Penhallow Hotel owners fined £80k for safety breaches

Penhallow Hotel fire Three people died as a result of the fire

The owners of a Cornish hotel destroyed by fire have been fined £80,000 and ordered to pay £62,000 costs for failing to meet fire safety standards.

Three Staffordshire people died in the blaze at the Penhallow Hotel in Newquay in August 2007.

In March O&C Holdsworth Ltd admitted failing to provide proper fire detection and alarm systems and failing to make a proper risk assessment.

The company, from Halifax, Yorkshire, was sentenced at Truro Crown Court.

Holidaymakers Joan Harper, 80, Monica Hughes, 86, and her son Peter, 43, died in the blaze, described by firefighters as the worst hotel fire in Britain for 40 years.

Mr Hughes, a teacher from Cheslyn Hay, Staffordshire, jumped from a third-floor window after trying in vain to save his mother.

Ms Harper, of Stoke-on-Trent, was also trapped, while her twin sister Marjorie Brys was one of more than 90 people who escaped the four-storey hotel.

John Hughes, Mrs Hughes' son and Peter's brother, said after the case: "To say I am disappointed with it is an understatement, it is a travesty.

"It should have been at least £500,000 in my estimation.

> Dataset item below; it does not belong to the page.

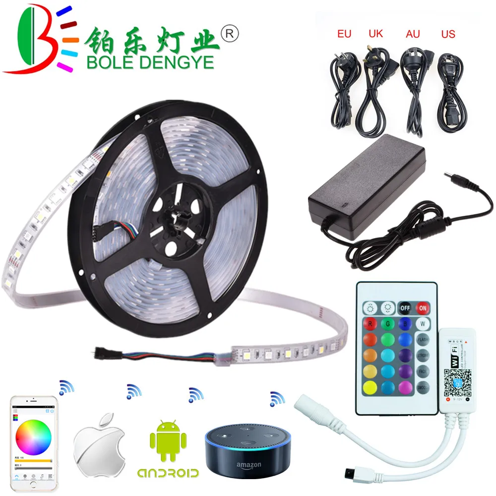 Kopen Goedkoop 5 M WiFi RGBW RGBWW LED Strip IP67 Waterdichte Flexibele Diode Tape 12 V 60 leds m Lichtslang + WiFi RGB Controller + 12 V Power Adapter Prijs

I was hoping that a large fine would have sent a message to the hotel industry at least."

'Systematic failure'

The court heard that the company had been warned by Cornwall Council about inadequate equipment more than a year before the fire.

Failings included the lack of an "L2" alarm system, which features loud fire and smoke alarms in every room.

The council said the fine would send a "very clear message" to hotel owners about the importance of fire safety legislation

Judge Christopher Paul Darlow said the company was not responsible for the fire which an inquest heard was probably the result of arson.

He also said it was impossible to say whether lives would have been saved if safety systems been up to scratch.

But he said there had been a "systemic failure" by the firm to ensure its chain of hotels in southern England had complied with regulations.

"This represents not just a one-off event but a systemic failure of this magnitude to illustrate the magnitude of risks present.

"These matters had been raised in July 2006 but had not been addressed by the time of the fire 13 months later."

O&C described the fire as a "tragedy" and said it had been left "devastated" by what happened.

"Following the fire we immediately initiated a comprehensive review of our health and safety and fire safety procedures at our other hotels and have strengthened the company guidelines and working practices to ensure full compliance."

An inquest into the deaths in 2009 returned open verdicts on all three victims.